A New Elevator: The Nuts and Bolts
By TERI KARUSH ROGERS
Published: November 21, 2008
UNDER a new city building code taking effect next year, elevators will undergo far more stringent inspections than in the past. Now is a good time for buildings with older elevators to consider modernizing.
An elevator’s useful life is 20 to 25 years. Typically, the first step in the updating process is to hire an elevator consultant to evaluate its condition, write the plans and specifications, analyze bids and manage the project.
In a six-story building, a standard elevator modernization (frequently involving replacement of the cab rather than remodeling it) costs about $100,000, including consultant fees, said Joseph Caracappa, an elevator consultant who is the vice president of the Sierra Consulting Group in Manhasset, L.I.
A project in a 6- to 12-story building generally costs around $125,000, while anything taller will require roughly $150,000 to $175,000.
Mr. Caracappa, who consulted on my building’s project, said that these figures assume that some components won’t need changing. Our 89-year-old drum-hoisted elevator, being well past its sell-by date, needed everything, which is why our job cost substantially more. Also, we spent about $20,000 on the interior finishes, on the higher side of a range from $7,500 to $30,000.
Many buildings prefer summer work, when residents are often away at least part of the time. The typical lead time is six months from the hiring of a consultant to the day the job begins.
Projects take from 8 to 12 weeks, Mr. Caracappa said, depending on the height of the building, the components being retained, and the desired aesthetics.
Buildings with a single elevator — “the worst-case scenario,” Mr. Caracappa said — often insist that the contractor pay a penalty of $500 to $1,000 for every day behind schedule. But buildings may also give a bonus for early completion. Overtime can get the job done faster. (We paid $4,000 to $5,000 for every week trimmed.)

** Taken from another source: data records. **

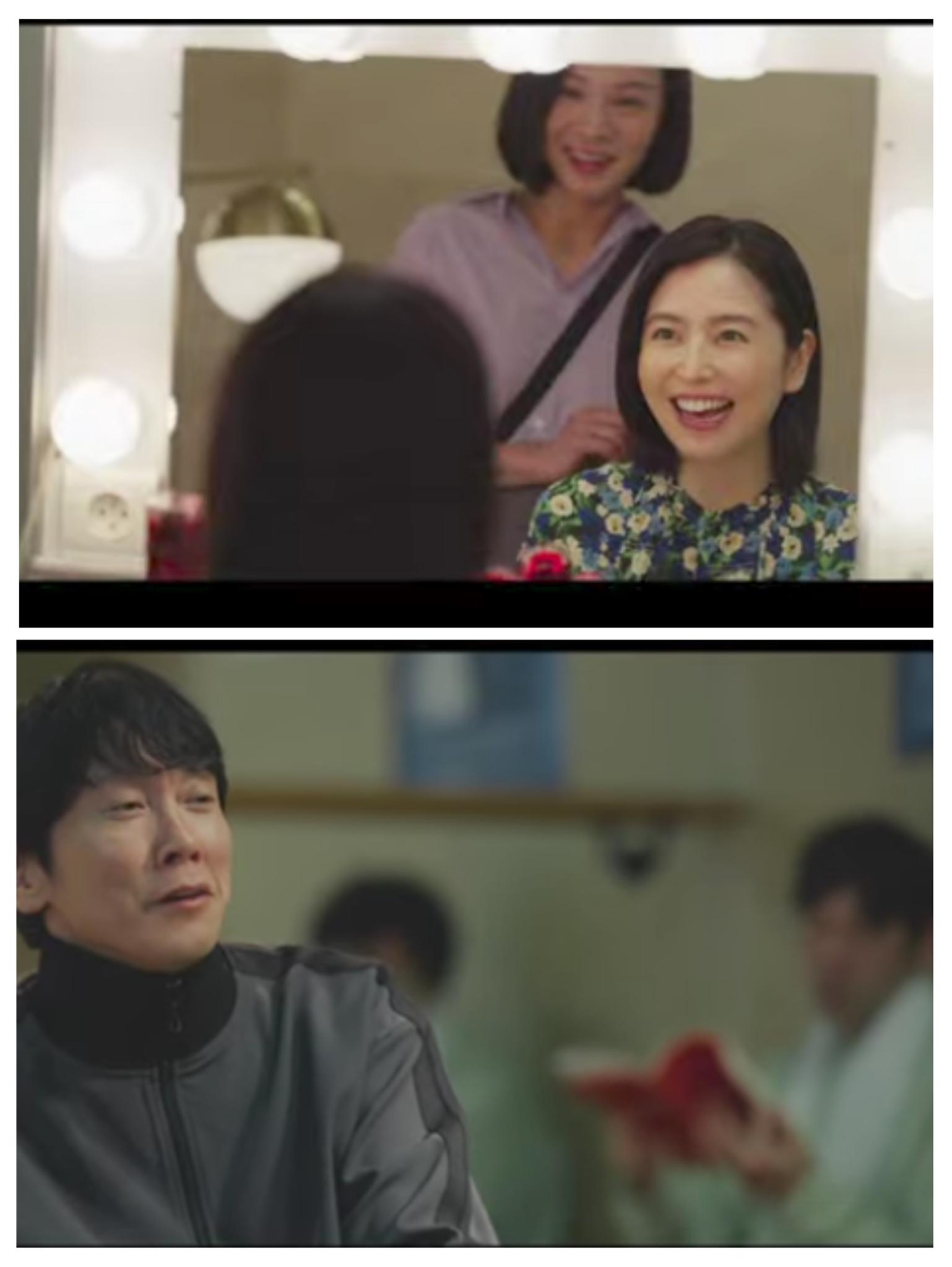 長澤まさみさんの後ろにいるのはメイクさんかな?佐々木蔵之介さんは芝居の稽古中の楽屋の一コマに感じます。後方で赤い本を読んでいる男がいますが、アレは台本か?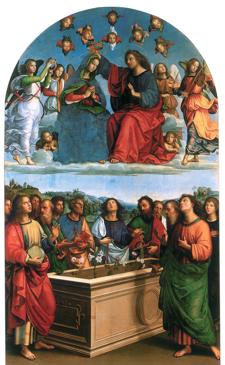 Kurz nach der Abreise seines Meisters (Perugino) beauftragte eine Dame aus einer der wohlhabendsten Familien Perugias, Maddalena degli Oddi, Raffael, die Krönung Mariä für die Kirche des heiligen Franziskus zu malen. Da die Oddi nach dem Sturz Cesare Borgias im August 1503 verbannt wurden, muss dieses Werk im Frühjahr desselben Jahres beendet worden sein. Das Bild setzt sich aus zwei Partien zusammen. Die eine zeigt die um das Grab der Jungfrau versammelten Apostel, genau wie in Darstellungen der Mariä Himmelfahrt, die andere zeigt den auf Wolken sitzenden Christus inmitten einer Engelsglorie, der eine Krone auf das Haupt seiner Mutter setzt. Einige der Apostel blicken nach oben, wo der Betrachter Christus und seine Mutter sieht. Diese Haltung reicht aus, um eine Verbindung zwischen den beiden Szenen herzustellen und somit dem Werk den Eindruck von Einheit zu verleihen.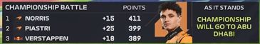 随后官方给出数据统计,如果比赛以这样的排位结束,那么皮亚斯特里将追近10个积分,维斯塔潘也将追回3分,三人将带着22分的积分差距进入阿布扎比大奖赛。

Owners and boards have no obligation to find alternate housing for inconvenienced or disabled residents, said Steven R. Wagner, a real estate lawyer at Wagner Davis in Manhattan. But they must make “reasonable accommodations.”
“Part of the consideration of whether something is reasonable is the cost,” Mr. Wagner said. “Others include the duration of the work, the options available to the residents and landlord, and the effect the accommodation may have on other residents.”
Speaking from personal experience, I strongly advise single-elevator buildings not to economize on porter service. Arrange for daily coverage from early morning to late evening, with deference paid to the needs of residents of higher floors, the physically challenged and those with young children.